Плотник Реос - страница 3

стр.

— Элл, постой минутку, я с тобой поговорить хочу. Давно собираюсь словом с тобой перекинуться.

Сказал это робко, срывающимся голосом, сожалея, что не сумел сказать по-иному, что нежданно-негаданно попал впросак и не выбраться ему, Реосу. Испугался: не посмеётся ли Элл над ним? Эх, почему он по-иному не сказал! Ну хотя бы так: «Вот ведь здорово я сверху махнул. Путь не близкий, а солома рыхлая — и ушёл по макушку». Или этак сказал бы: прыгнул, мол, часы и выпали из кармана, хорошие часы, новенькие, на пятнадцати камнях. Элл, смотришь, и забралась бы на солому — часы искать, Искала бы она во все глаза, в каждом закоулочке, с пониманием и заботою. Как-никак — не дешёвка какая-нибудь часики-то! Приговаривала бы, наверно: «Неужели запропали, шутка ли денег стоят!»

Дёрнуло его сказать иначе. Конечно, Элл поняла, почему Виллем прыгать вздумал. Минуту-другую они помолчали, подпирая спиной стенку старого хлева, каждый думал свою думу. Потом чуть разговорились, с трудом подыскивая слова. А на хуторе тем временем закипела работа. Гулким эхом отдавались мощные удары топора, со строительных лесов нёсся зычный голос мастера.

В то утро Виллем спросил наконец у Элл, хочется ли ей бросить своего злого мужа и прийти к нему, Реосу. Прийти и начать ту жизнь, что могла бы начаться пять лет тому назад.

Такого вопроса не ожидал, видно, никто — ни Элл, ни сам Виллем.

Женщина покачала головой.

— Разве только помрёт Яан, тогда, может быть, поладим.

Сказала, взяла бадейки, глянула на Виллема — всего разочек: ей, конечно, недосуг.

— Пора мне, работать надо.

И ушла.

Виллем побрёл к белому срубу новенькой постройки, где уже стучали четыре топора. Тут в куче стружек он отыскал сверло и забрался на стену хлева, чтобы закончить недоделанный вечером венец.

Сверлил Биллем и размышлял: до чего жизнь похожа на этот строящийся хлев — день ото дня возводят его, кладут всё новые венцы, скрепляют потайным штырём, смотришь — и готова постройка. Никто и никогда не станет из озорства ломать её. А он? Ему ли разрушать тот самый дом, что пять лет назад заложил сапожник Яан со своей женой?

Как-то осенью шёл Виллем домой, нёс шинковку, взял её в соседней деревне — капусту резать.
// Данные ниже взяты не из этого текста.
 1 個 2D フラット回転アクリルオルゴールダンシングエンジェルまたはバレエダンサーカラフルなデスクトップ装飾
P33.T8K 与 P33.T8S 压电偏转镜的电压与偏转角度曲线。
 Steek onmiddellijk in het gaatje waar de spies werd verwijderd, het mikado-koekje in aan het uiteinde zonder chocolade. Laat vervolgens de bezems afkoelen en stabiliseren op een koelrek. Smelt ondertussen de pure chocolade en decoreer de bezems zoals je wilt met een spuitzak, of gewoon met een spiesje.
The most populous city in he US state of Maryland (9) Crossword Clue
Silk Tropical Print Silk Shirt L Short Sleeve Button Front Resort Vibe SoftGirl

По дороге в лесу встретилась Элл. Ну что ещё скажешь ей? И всё-таки остановились, чтобы перемолвиться о том, о сём, просто поговорить, как знакомые односельчане. Завела речь Элл:

— Из Курекюла несёшь? Неужто сам будешь в одиночку кочны строгать?
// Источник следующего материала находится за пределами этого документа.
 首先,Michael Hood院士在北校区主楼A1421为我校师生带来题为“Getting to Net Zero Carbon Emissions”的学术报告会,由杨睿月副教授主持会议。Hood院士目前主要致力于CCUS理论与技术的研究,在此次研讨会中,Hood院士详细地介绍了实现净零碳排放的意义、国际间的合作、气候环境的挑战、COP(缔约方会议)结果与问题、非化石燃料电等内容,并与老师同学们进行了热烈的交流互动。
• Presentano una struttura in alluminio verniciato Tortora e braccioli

С этого разговор и пошёл, Виллем снял ношу, поставил на землю подле себя, повёл плечом.

— Притомилось!

При этом странно усмехался и глядел вперёд на дорогу, на две глубокие колеи, исчезавшие в лесу.

— Ну что ж, пора идти! — сказал он чуть погодя. Взвалил шинковку на плечо, протянул руку — попрощался, — Пора идти.
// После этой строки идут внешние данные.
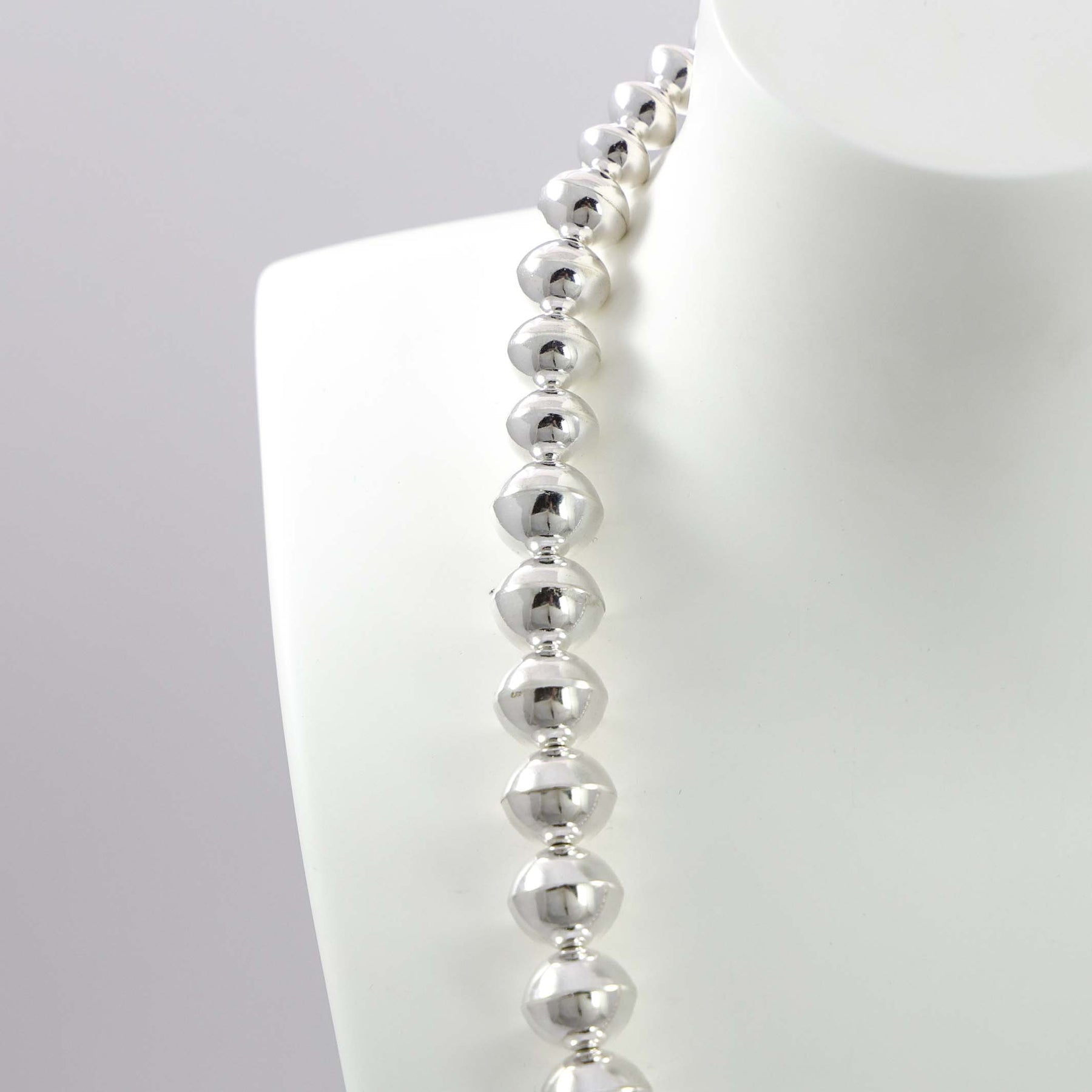 Sterling Silver Navajo Pearl Necklace with Handmade Beads in a High Polish Finish.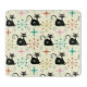 Add atomic style to your kitchen with this cutting board featuring cute black atomic cats pattern with mid century retro starbursts in pink, orange and teal on light cream background. It's great gift for retro cats lovers and mid century fans

И ушёл. Шинковка покоилась на плече, широкая куртка по цвету была похожа на стволы старых сосен. Будто сама природа позаботилась о таком защитном цвете, чтобы плотник мог незаметно скрыться от зоркого глаза Элл.

О чём ему было толковать с нею? Пора идти — и всё; не хотелось Виллему жечь те самые венцы, что пять лет клали, да так и не подвели под крышу.

С тех двух встреч прошли годы, а хилый сапожник Веске всё не умирал. Виллем давно отказался от мысли залучить Элл в жёны и жил как прежде, одиноко.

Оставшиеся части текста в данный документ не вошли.